◆ TASK REQUIREMENTS: Print the lines in the listing below starting at the line with "3、请依据自身实际情况,选择" and ending at the line with "Punem în cuptorul", both included. Reproduce them exactly and omit every picture.

◆ DATA FOR ANALYSIS:
--------------------------------

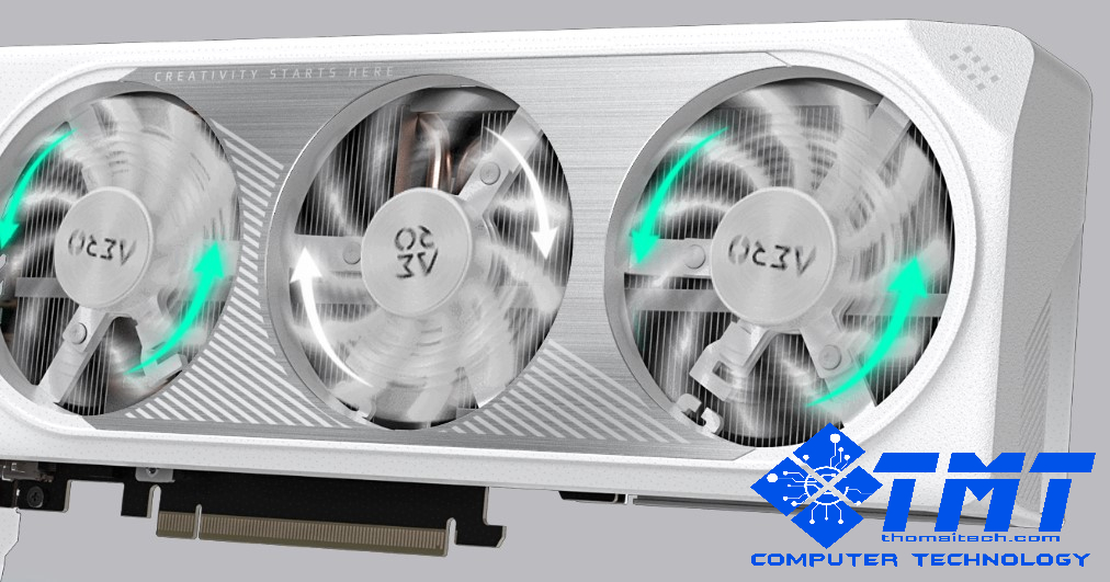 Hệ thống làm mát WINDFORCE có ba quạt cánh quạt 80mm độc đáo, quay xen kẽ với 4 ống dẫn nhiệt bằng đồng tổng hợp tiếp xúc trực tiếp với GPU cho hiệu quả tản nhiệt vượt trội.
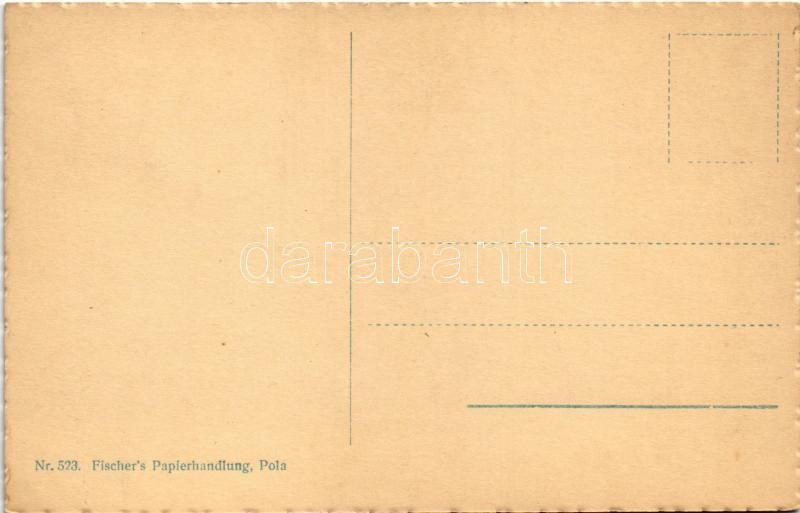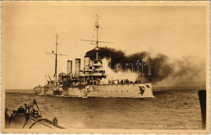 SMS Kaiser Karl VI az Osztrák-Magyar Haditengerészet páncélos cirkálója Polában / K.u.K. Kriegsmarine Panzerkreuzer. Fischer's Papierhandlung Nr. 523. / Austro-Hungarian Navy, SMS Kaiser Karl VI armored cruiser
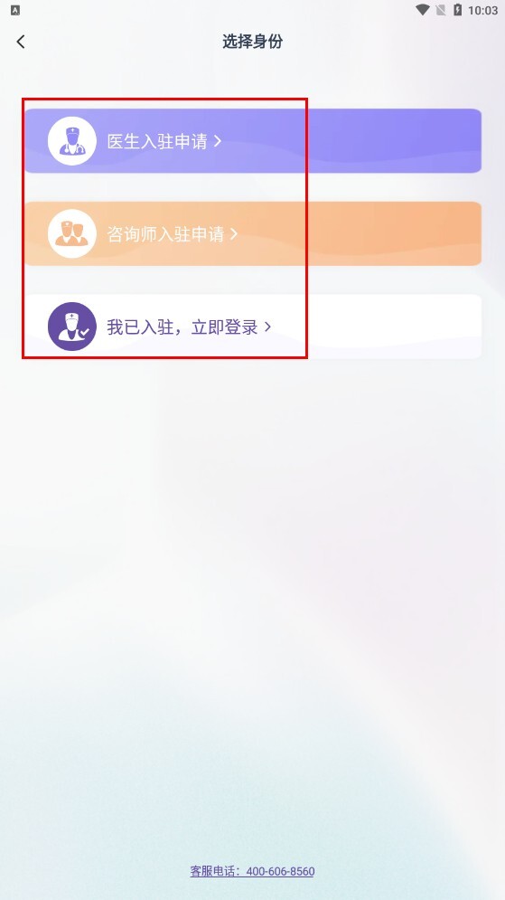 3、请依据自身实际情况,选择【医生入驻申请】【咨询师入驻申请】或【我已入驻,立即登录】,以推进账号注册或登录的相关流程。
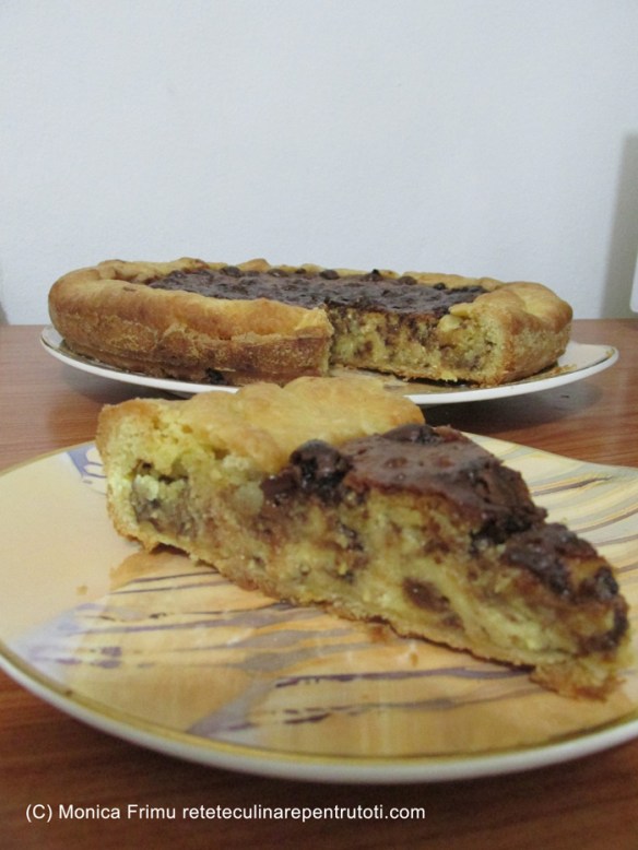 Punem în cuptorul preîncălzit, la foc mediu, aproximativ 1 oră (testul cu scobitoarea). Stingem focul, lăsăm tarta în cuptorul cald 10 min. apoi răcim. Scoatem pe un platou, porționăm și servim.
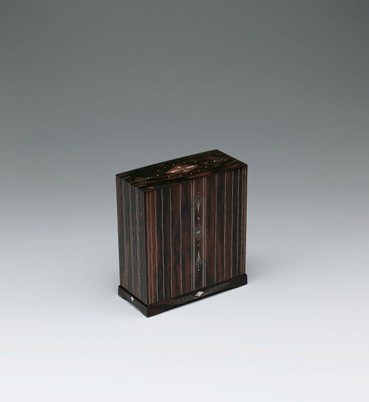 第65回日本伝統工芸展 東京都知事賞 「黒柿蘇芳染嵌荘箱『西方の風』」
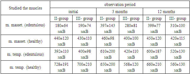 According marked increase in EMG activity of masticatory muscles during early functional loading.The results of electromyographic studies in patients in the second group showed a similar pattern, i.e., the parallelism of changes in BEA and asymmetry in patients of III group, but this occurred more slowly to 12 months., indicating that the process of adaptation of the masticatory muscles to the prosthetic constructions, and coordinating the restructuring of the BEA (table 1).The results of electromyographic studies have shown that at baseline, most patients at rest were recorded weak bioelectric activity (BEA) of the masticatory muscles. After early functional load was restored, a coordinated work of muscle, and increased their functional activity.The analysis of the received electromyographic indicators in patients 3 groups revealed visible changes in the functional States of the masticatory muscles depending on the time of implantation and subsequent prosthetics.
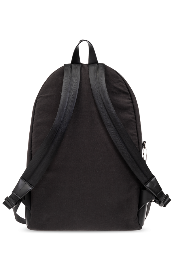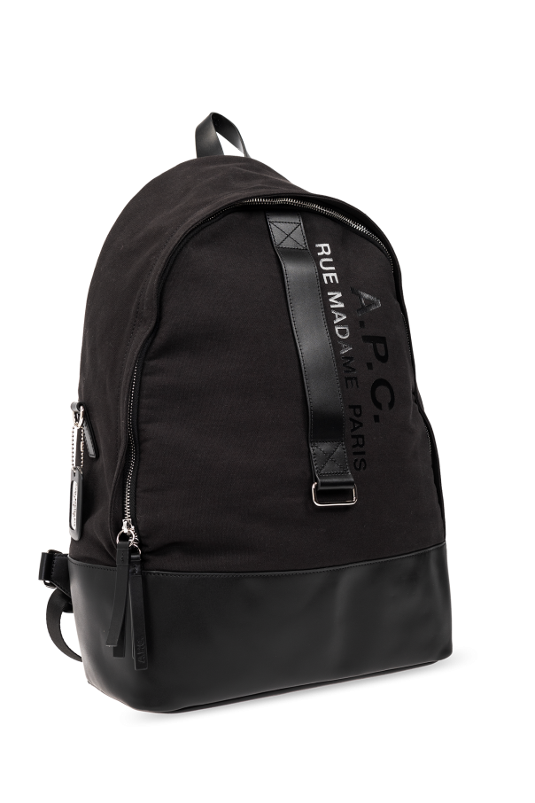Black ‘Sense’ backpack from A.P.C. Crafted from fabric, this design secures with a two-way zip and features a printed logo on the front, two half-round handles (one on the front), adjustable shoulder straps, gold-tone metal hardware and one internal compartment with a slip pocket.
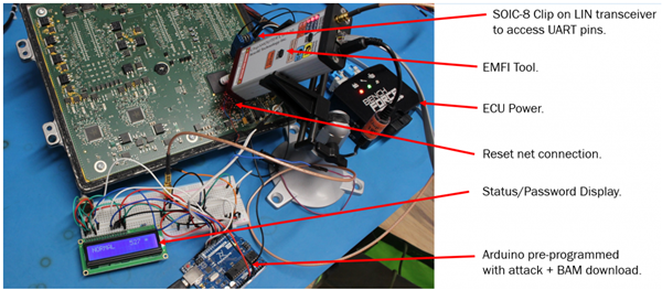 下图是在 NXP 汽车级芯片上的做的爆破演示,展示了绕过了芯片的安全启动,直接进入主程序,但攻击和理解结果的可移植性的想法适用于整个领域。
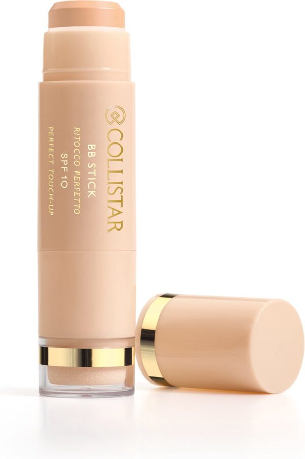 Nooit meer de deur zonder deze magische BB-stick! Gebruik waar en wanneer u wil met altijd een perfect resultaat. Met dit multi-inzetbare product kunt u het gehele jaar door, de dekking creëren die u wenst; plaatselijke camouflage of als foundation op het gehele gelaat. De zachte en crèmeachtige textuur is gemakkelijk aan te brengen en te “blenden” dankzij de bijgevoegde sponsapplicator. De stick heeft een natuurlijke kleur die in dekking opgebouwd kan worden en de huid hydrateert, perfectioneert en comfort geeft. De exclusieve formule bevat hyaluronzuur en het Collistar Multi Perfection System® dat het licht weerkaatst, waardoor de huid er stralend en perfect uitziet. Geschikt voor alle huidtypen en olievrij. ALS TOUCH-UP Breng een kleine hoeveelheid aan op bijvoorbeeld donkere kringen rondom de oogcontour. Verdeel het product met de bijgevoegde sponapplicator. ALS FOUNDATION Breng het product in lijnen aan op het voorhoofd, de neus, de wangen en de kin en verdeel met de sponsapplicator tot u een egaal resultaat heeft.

--------------------------------

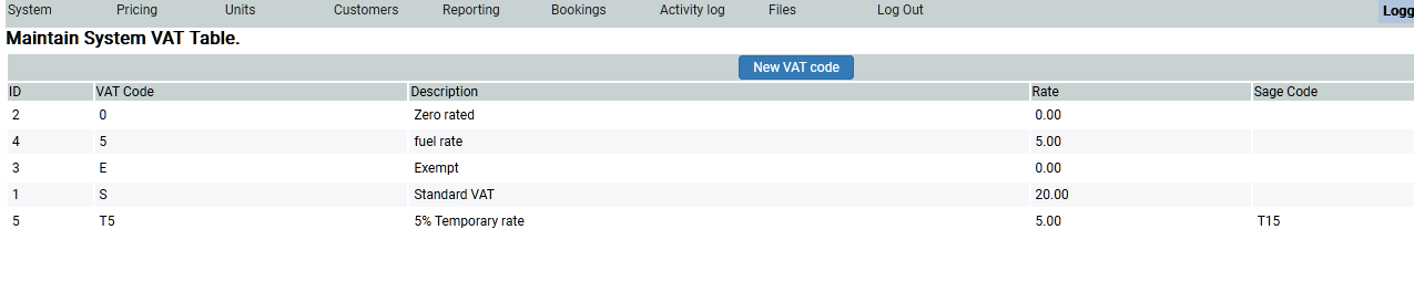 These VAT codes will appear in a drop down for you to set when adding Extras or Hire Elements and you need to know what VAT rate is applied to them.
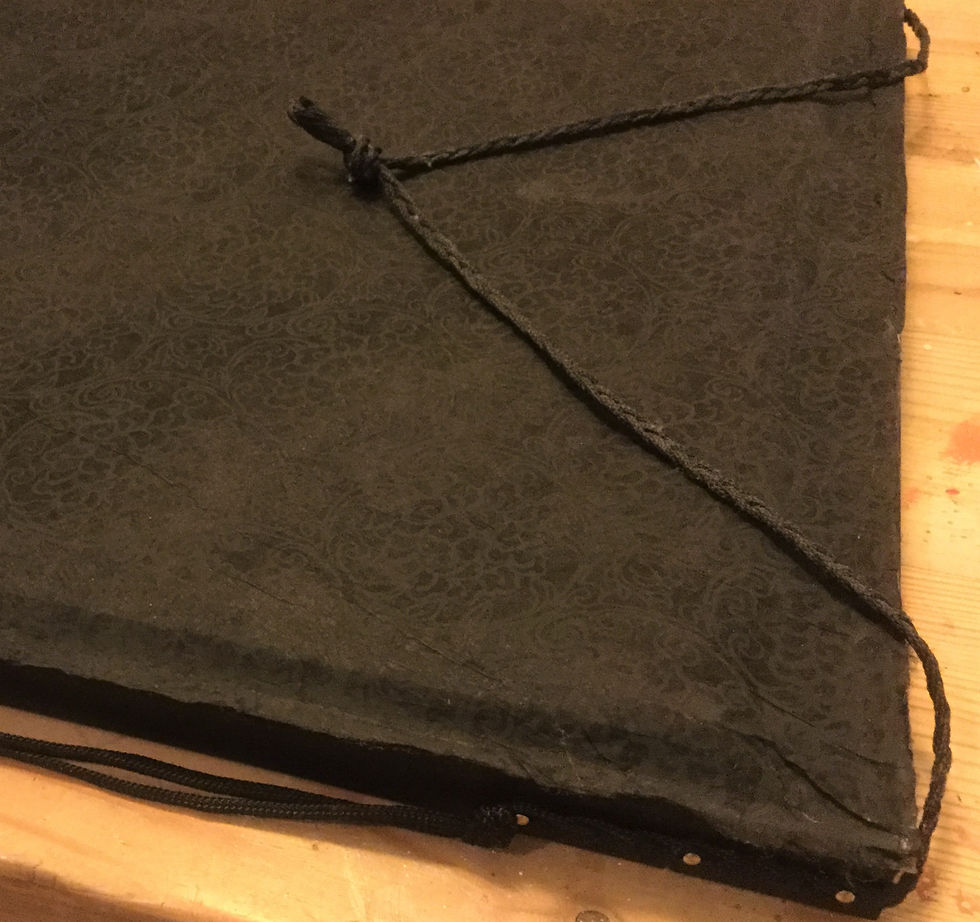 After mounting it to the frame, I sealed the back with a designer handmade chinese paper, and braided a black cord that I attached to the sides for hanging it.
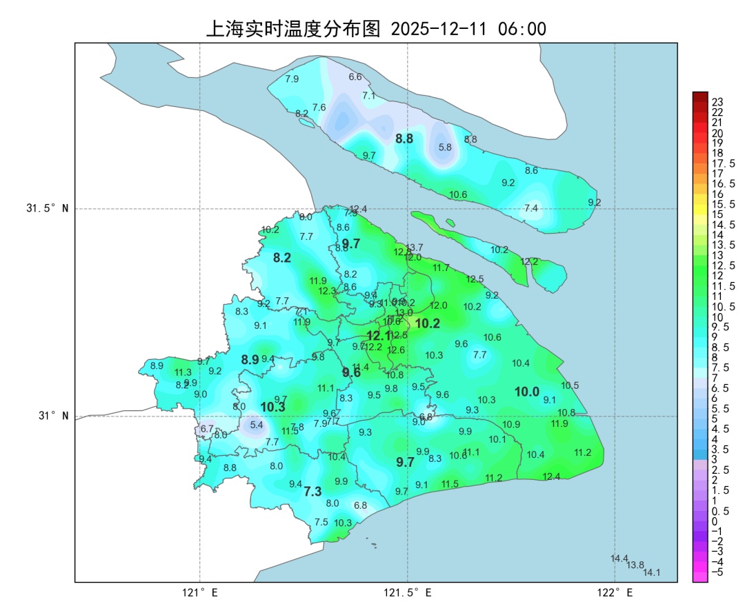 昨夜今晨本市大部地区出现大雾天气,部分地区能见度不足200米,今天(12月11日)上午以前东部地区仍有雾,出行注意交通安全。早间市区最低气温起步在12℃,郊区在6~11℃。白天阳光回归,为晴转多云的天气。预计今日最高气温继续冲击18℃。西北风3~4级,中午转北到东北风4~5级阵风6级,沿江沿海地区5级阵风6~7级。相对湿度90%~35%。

--------------------------------

◆ RESULT:
 3、请依据自身实际情况,选择【医生入驻申请】【咨询师入驻申请】或【我已入驻,立即登录】,以推进账号注册或登录的相关流程。
 Punem în cuptorul preîncălzit, la foc mediu, aproximativ 1 oră (testul cu scobitoarea). Stingem focul, lăsăm tarta în cuptorul cald 10 min. apoi răcim. Scoatem pe un platou, porționăm și servim.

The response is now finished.